Весенняя пора — страница 8 из 137

Щедрый хозяин леса — натура широкая, пьяница, табакур и побалагурить любит с добрыми людьми. Поэтому и встречают его всюду так весело. Хозяин леса всегда спешит, иначе не управиться ему со своими быстроногими зверями. Он так же внезапно уходит, как и появляется. После его ухода с убитым зверем можно обходиться свободно.

Великую радость, посетившую в этот вечер избушку-копну, скрыли от избы-стога. Только Дарья подозвала к себе Никитку, чье появление у Веселовых всегда оставалось незамеченным, и поручила ему:

— Сбегай-ка ты, добрый молодец, стрелы быстрее да пуха неслышнее и позови Майыс. Пусть ничьи глаза тебя не увидят, ничьи уши не услышат!

Вскочил опьяненный общей радостью Никитка, схватил свою легкую палку-коня, прислоненную к стене, оседлал ее и ускакал к соседям.

Вскоре он вернулся, а немного погодя появилась проворная Майыс и прошла к Дарье. Она пошепталась с бабушкой, потом встала и за короткое свое посещение успела перекинуться с каждым добрым словом. Обошла она своим вниманием только самого Дмитрия — не взглянула даже на него, хотя Дмитрий мог быть теперь уже причислен к славным якутским охотникам.

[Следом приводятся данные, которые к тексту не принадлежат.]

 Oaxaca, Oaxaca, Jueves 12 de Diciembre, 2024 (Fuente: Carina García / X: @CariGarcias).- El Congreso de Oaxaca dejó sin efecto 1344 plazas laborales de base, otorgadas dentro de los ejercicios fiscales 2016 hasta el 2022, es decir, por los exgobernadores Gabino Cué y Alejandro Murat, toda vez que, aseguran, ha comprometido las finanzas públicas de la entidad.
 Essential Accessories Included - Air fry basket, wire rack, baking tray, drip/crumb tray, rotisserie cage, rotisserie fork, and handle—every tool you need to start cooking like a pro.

Когда она уходила, Варвара попросила ее передать хозяевам, что до утра останется у своих и пусть уж Майыс сама подберет сено, раскиданное шаловливыми телятами.

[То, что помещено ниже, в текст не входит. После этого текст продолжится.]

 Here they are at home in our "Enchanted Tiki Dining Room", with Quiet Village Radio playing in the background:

— А как сказать, почему остаешься?

— Да скажи, что старуха со стариком своим поспать захотела…

Когда смущенная Майыс выскочила за дверь, на дворе, как бы совсем случайно, оказался и Дмитрий Эрдэлир.

— Обрадовалась ли ты, милая моя? — тихо спросил он, загородив ей дорогу.

— Ох, и рада, так рада…

Майыс легко прикоснулась к плечу друга, но, когда тот захотел обнять ее, проворно выскользнула из его рук и ласточкой полетела к своему дому.

А в юрте продолжался пир. Наскребли из всех посудин остатки масла, выколотили из кульков остатки муки и сварили торжественное блюдо — саламату. Много было радости и счастья в этот замечательный вечер. Окончив пир и пожелав Дмитрию Эрдэлиру на озерах ходить с ладонями в рыбьей слизи, а в лесах со звериной кровью на груди, улеглись спать.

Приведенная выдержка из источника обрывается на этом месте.